OpenGL MD5 cracker
Entering the world of GPGPU by brute-forcing MD5 hashes using OpenGL compute shaders. The exhaustive search can be restricted to a certain character range.
An MD5 checksum computation on short strings with output comparison requires only few data to be transferred, but a high amount of (unfortunately, discrete) calculations. Otherwise, brute-forcing hashes seems a natural fit for GPGPU, as it consists of many but easy tasks that are virtually independent from each other. OpenGL compute shaders offer a simple interface for many independent runs in parallel and the general MD5 algorithm is implementable with little effort.
Given an ever-incrementing prefix, the hashes of three digits as suffix are computed and compared with the target for each invocation.
For N chars to try, this results in N3 glDispatchCompute shader work groups.
To further increase parallelism, each work group consists of 32 invocations/threads, as actually 32 prefixes are pre-determined and passed at once.
Inputs are bound to uniforms – whereas upon success, the result is written to a one-dimensional texture, which is checked periodically.
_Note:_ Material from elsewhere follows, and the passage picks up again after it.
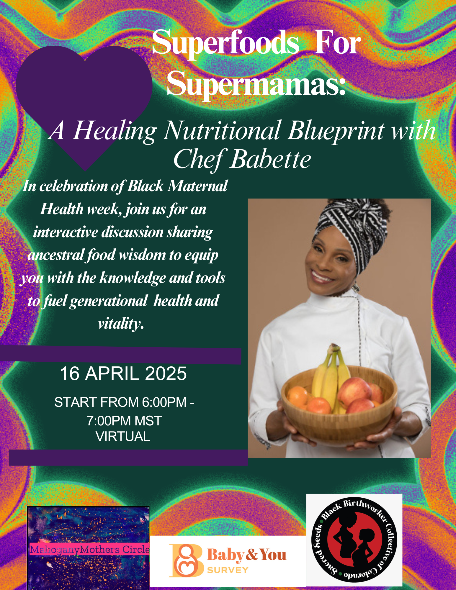Join us for a powerful conversation with renowned plant-based chef and wellness advocate Chef Babette as we honor and explore the sacred cycle of Black womanhood through the lens of nutritional wisdom. This virtual discussion celebrates the journey of Black women from girlhood to motherhood and beyond, recognizing how proper nutrition sustains and empowers each stage of this cycle.

A built-in selftest at startup ensures functionality, but also estimates the number of rounds to draw at once in order to not block the GPU for an unreasonable amount of time.
Cracking MD5 hashes
Building is simply done via make and requires headers and libraries for the -lGLEW, -lglfw, and -lGL linker flags (installable e.g. via apt-get install libglew-dev libglfw3-dev).
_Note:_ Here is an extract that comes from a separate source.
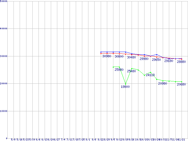 CPU主要製品(最安値2万円~3万円未満)の最安値推移

Additionally, -lcrypto (OpenSSL) is needed for an MD5 reference implementation during the built-in startup selftest.
The resulting binary runs on a target hash in 32 byte hex representation as argument. Optionally, a custom character search space can be given – per default all 95 “printable” chars from 0x20 to 0x7E are used. Progress and hashing rate will be shown periodically.
make && ./ogl_md5 "ef238ea00a26528de40ff231e5a97f50" "" "0123456789abcdefghijklmnopqrstuvwxyz"
[●] starting at seed 0 ''
[●] looking for a08e23ef 8d52260a 31f20fe4 507fa9e5...
[●] initializing shader ...
[●] creating textures ...
[●] using 1492992 (36^3 * 32) shaders instances
[●] performing selftest ...
[○] testing: '4s3pk5' (311bc80b 402f8407 4935ad39 d88379b4)
[○] iterations: 1 (1492992 draws, 6 msec, 248832000 H/sec)
[○] testing: 'kplbow' (ab7e6e1a ffc0665d 9f21d9b2 fa4d10fd)
[○] iterations: 512 (764411904 draws, 1766 msec, 432849312 H/sec)
[✔] success: 764411904 draws in 1766 msec, 432849312 H/sec
[●] running: '∗∗∗' (<16384)
[○] current speed: 432604352 H/sec, overall: 432604352 H/sec
[●] running: '3mb∗∗∗' (<32768)
[○] current speed: 432359680 H/sec, overall: 432481984 H/sec
[●] running: '79o∗∗∗' (<49152)
[○] current speed: 432604352 H/sec, overall: 432522752 H/sec
[✔] result: 'foo123' (316f6f66 00003332 00000000 00000000) in 5 seconds
[✔] verified: ef238ea0 0a26528d e40ff231 e5a97f50
For resuming or distributed computations, restoring state from a prefix as start seed is supported – here empty to start from scratch.
Example results
About 500 MH/s (megahashes per second) can be achieved with a relatively low-end RTX 3060 LHR GPU on a Core i5-12600K machine. Given this performance, the runtime for a full exhaustive search can be estimated as follows:
| Digits | Chars | Duration |
|---|---|---|
| 4 | a-z 0-9 | 1 sec |
| a-z A-Z 0-9 | 1 sec | |
| all 95 | 1 sec | |
| 6 | a-z 0-9 | 5 sec |
| a-z A-Z 0-9 | 2 min | |
| all 95 | 30 min | |
| 8 | a-z 0-9 | 90 min |
| a-z A-Z 0-9 | 5 day | |
| all 95 | 5 mon |
As expected, the time needed grows quickly (exponentially) with the length and number of permissive characters. Further restricting the search range by prior knowledge is thus advisable.
Overall, this seems not a big leap in the long run when considering CPU-only or other GPU-driven implementations – the relatively naïve by-the-book shader implementation could surely be further optimized, though.